Collected data entries »
- - -
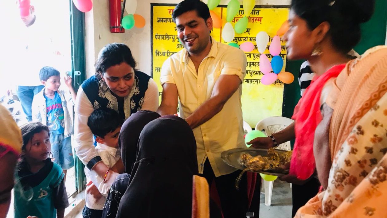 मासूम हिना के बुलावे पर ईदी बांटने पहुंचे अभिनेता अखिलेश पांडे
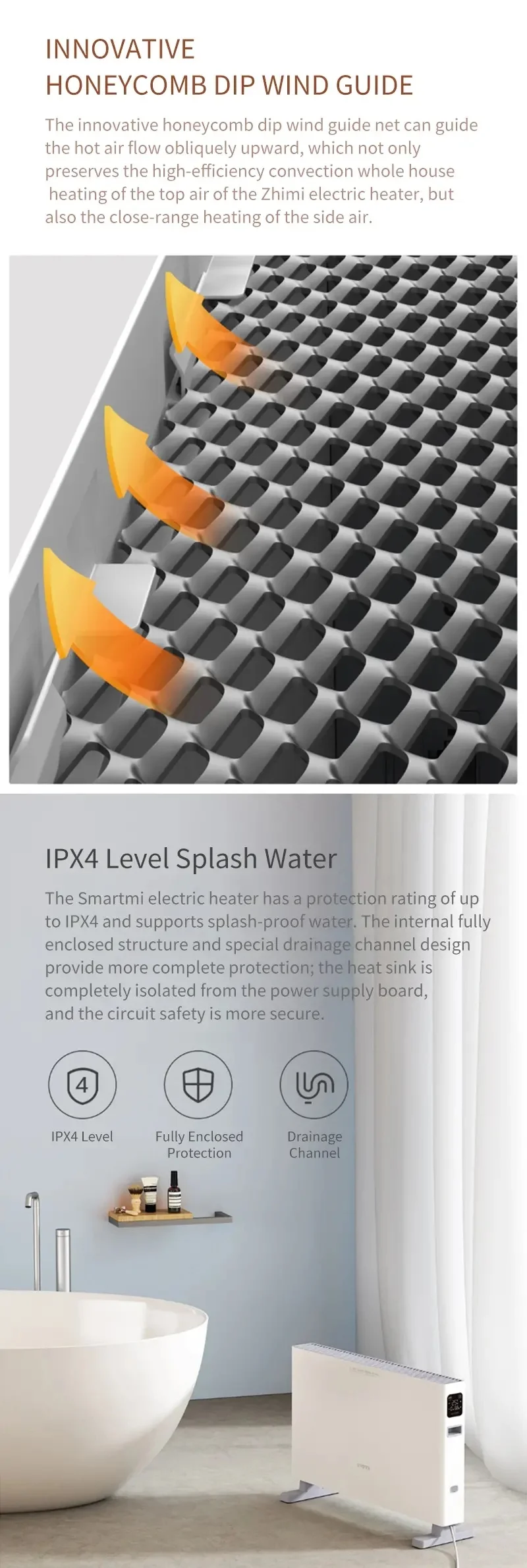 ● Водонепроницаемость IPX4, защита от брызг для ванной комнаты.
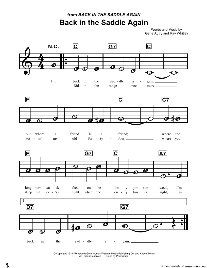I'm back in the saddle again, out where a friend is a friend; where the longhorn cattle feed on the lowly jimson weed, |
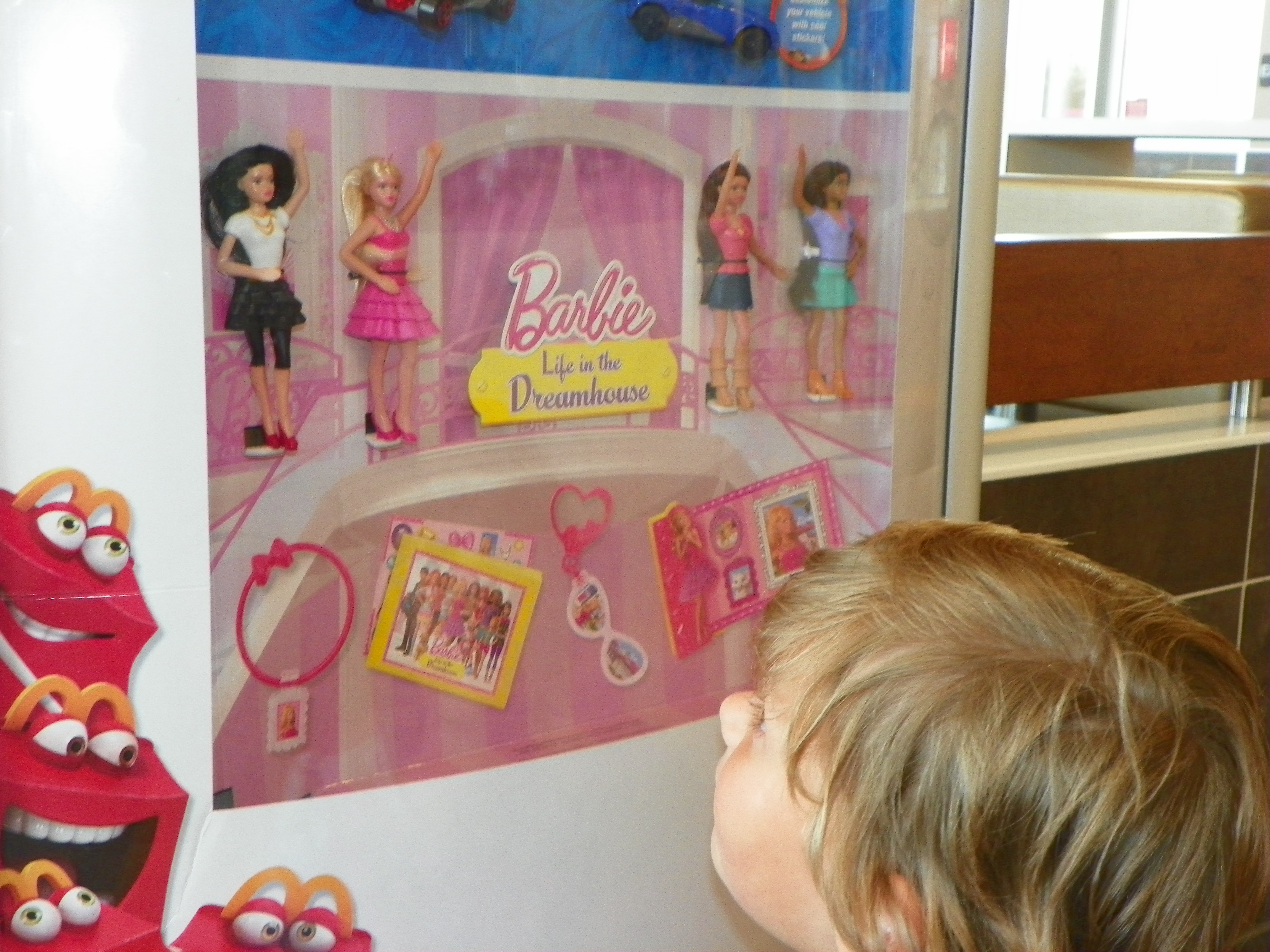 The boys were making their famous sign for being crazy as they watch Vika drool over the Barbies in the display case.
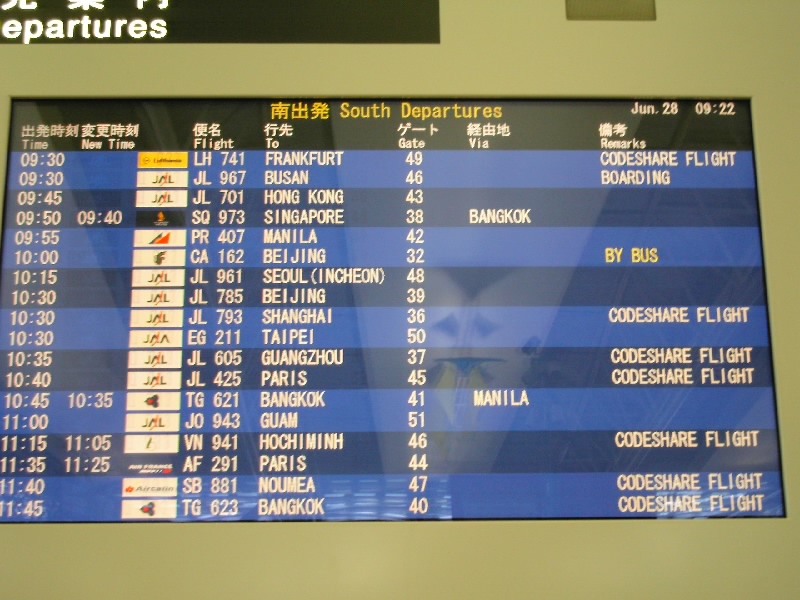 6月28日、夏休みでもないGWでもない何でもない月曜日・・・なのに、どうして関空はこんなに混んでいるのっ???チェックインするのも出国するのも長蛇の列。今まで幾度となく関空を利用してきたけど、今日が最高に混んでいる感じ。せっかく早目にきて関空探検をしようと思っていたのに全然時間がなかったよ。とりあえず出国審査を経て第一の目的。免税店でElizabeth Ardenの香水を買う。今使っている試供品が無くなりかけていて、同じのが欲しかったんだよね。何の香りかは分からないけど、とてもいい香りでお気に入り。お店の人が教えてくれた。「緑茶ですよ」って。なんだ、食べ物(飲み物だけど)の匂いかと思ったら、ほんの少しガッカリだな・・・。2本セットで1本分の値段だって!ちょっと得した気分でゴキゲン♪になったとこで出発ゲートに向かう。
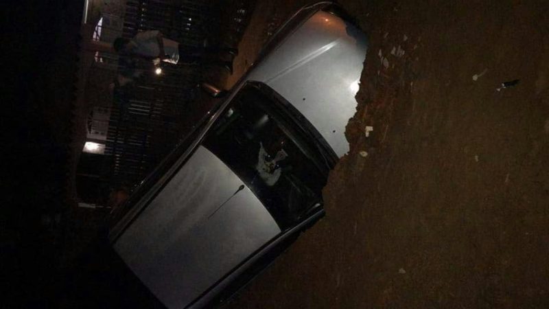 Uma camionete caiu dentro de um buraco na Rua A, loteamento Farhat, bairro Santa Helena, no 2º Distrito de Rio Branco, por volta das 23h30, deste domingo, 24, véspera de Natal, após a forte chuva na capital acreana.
- - -
Required action »
Write out all the entries word for word, but drop the pictures.

Written answer »
 मासूम हिना के बुलावे पर ईदी बांटने पहुंचे अभिनेता अखिलेश पांडे
 ● Водонепроницаемость IPX4, защита от брызг для ванной комнаты.
I'm back in the saddle again, out where a friend is a friend; where the longhorn cattle feed on the lowly jimson weed, |
 The boys were making their famous sign for being crazy as they watch Vika drool over the Barbies in the display case.
 6月28日、夏休みでもないGWでもない何でもない月曜日・・・なのに、どうして関空はこんなに混んでいるのっ???チェックインするのも出国するのも長蛇の列。今まで幾度となく関空を利用してきたけど、今日が最高に混んでいる感じ。せっかく早目にきて関空探検をしようと思っていたのに全然時間がなかったよ。とりあえず出国審査を経て第一の目的。免税店でElizabeth Ardenの香水を買う。今使っている試供品が無くなりかけていて、同じのが欲しかったんだよね。何の香りかは分からないけど、とてもいい香りでお気に入り。お店の人が教えてくれた。「緑茶ですよ」って。なんだ、食べ物(飲み物だけど)の匂いかと思ったら、ほんの少しガッカリだな・・・。2本セットで1本分の値段だって!ちょっと得した気分でゴキゲン♪になったとこで出発ゲートに向かう。
 Uma camionete caiu dentro de um buraco na Rua A, loteamento Farhat, bairro Santa Helena, no 2º Distrito de Rio Branco, por volta das 23h30, deste domingo, 24, véspera de Natal, após a forte chuva na capital acreana.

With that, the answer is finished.